Is it possible to activate spam control without lookup-domain script?

Would it be possible for you to run the command :

strace -o /tmp/strace.txt -p `cat /var/webmin/lookup-domain-daemon.pid`

When lookup-domain-daemon is using 100% of the CPU, let it run for 5 seconds, hit ctrl-c , and then attach the /tmp/strace.txt file to this bug? That will let us see what it is doing with all that CPU..

I receive this error and program terminate immediatly:

bash: syntax error near unexpected token `newline'

Attach you can find output file. Thanks.

I think the problem is spamassassin. If I try to run it by procmail my system go to 100% cpu usage and email start increase in queue. I have SpamAssassin version 3.3.1. What do you think? Can we see the problem launching the command you ask before?

Sorry, our bug tracker mangled that command .. the correct command is :

strace -o /tmp/strace.txt -p \`cat /var/webmin/lookup-domain-daemon.pid\`

Here for you. I ran it 2 times. Please let me know as soon as possible. Thanks for your support.

Here another log.
I try to downgrade glibc and all dependencies to last release but seems not resolve issue.
After that I reboot and re-run "vmware-config-tool.pl" (this is a vm), not working.
So, I run another time command you suggest.
Please let me know. Thanks.

Hello Jamie,
the problem seems to be solved now.
I unistalled Acronis software from vm and host machine, restarted server and performance return normal.
Anyway, please, take a look to my log files and let me know if you see something useful for the future.
Thanks a lot for your support. Sorry for make you losing time.
Bye.

Thanks for those logs .. I am not seeing any signs that lookup-domain-daemon.pl is doing anything particularly CPU intensive though. Glad to hear you got this solved!
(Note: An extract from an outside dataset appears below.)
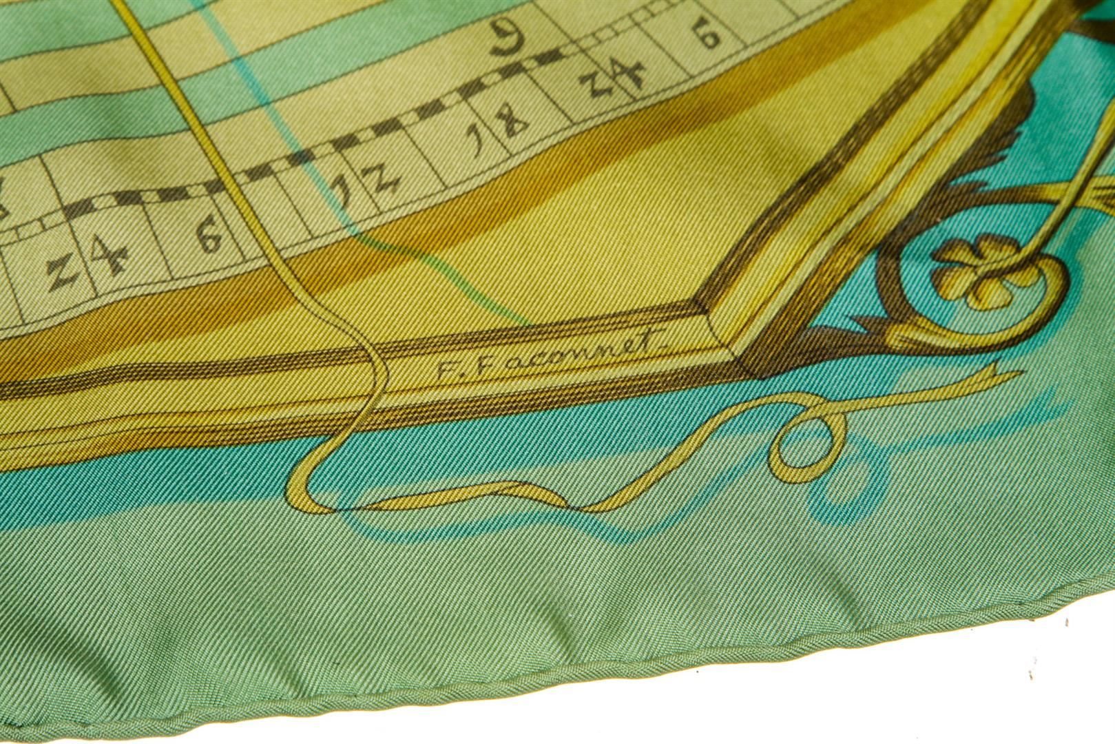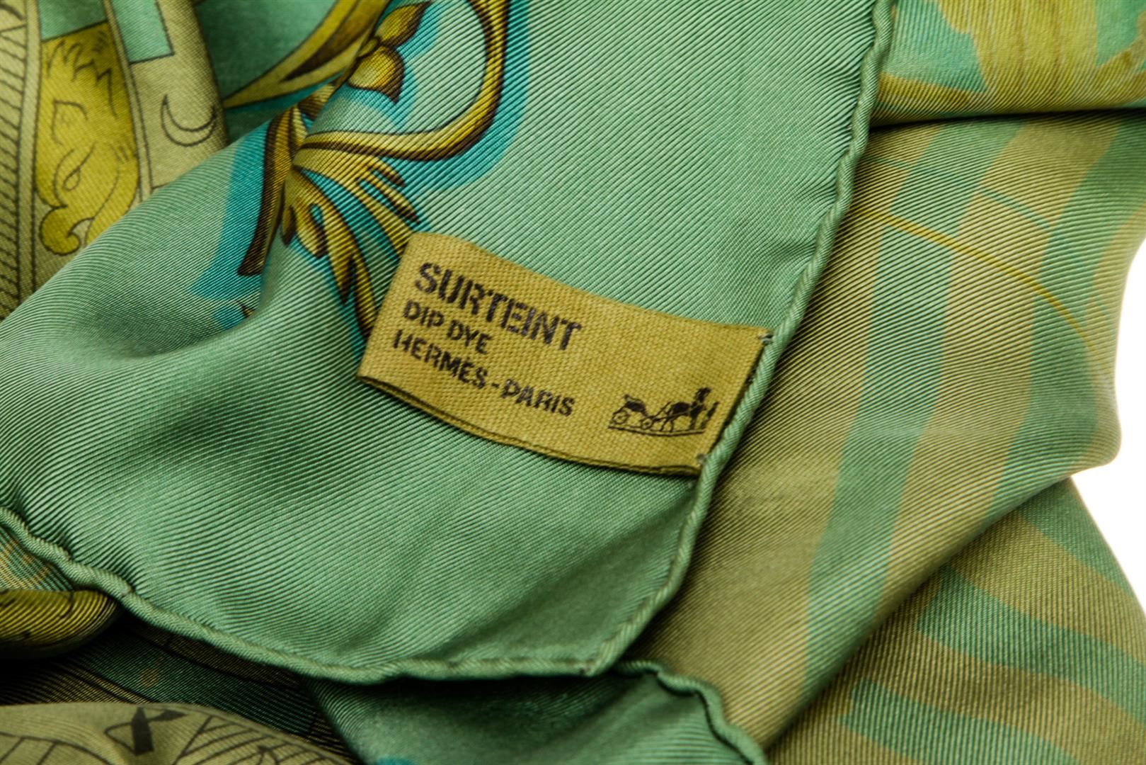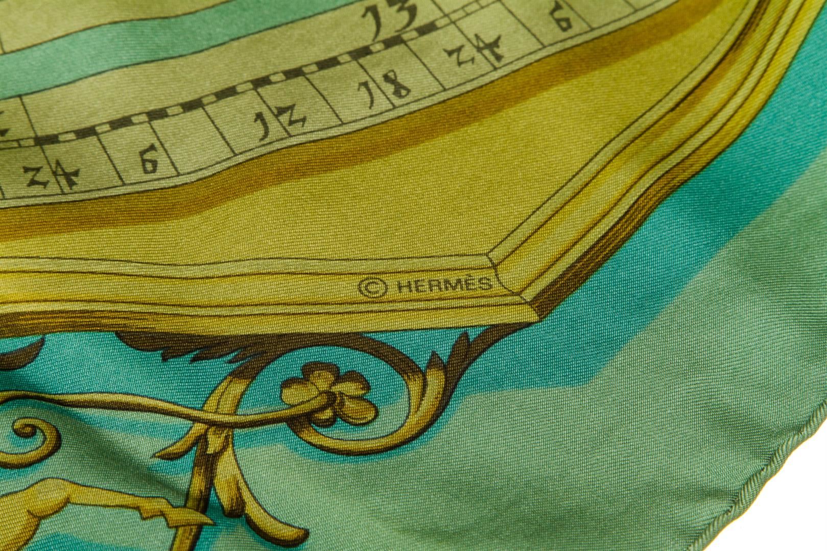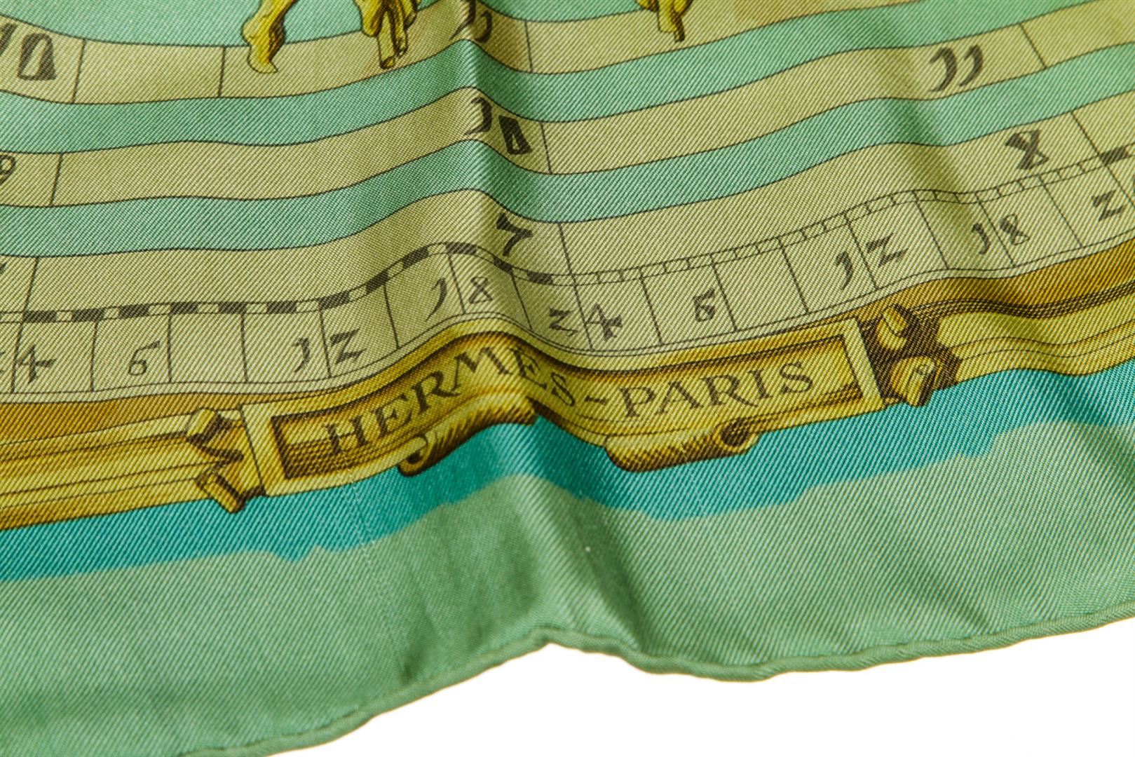 One Hermes Green Silk Astrology Calendar Scarf. Green Hermès silk scarf with 'Astrology Calendar' motif and hand rolled edges.

What does this "Acronis" software do exactly? If it is performing a backup that is very disk IO intensive, it certainly could be responsible for slowing down other processes..

Acronis software was installed but not working. It had got some configuration problem.
I also stop Acronis services before remove them but doesn't help.
I need to remove Acronis also from host machine (Windows Server 2008 with VmWare Server 2.0.2), reboot and then all works.
I don't know exactly what was the problem but It is very important that my mail server is up and running well.
Thanks a lot.

Automatically closed -- issue fixed for 2 weeks with no activity.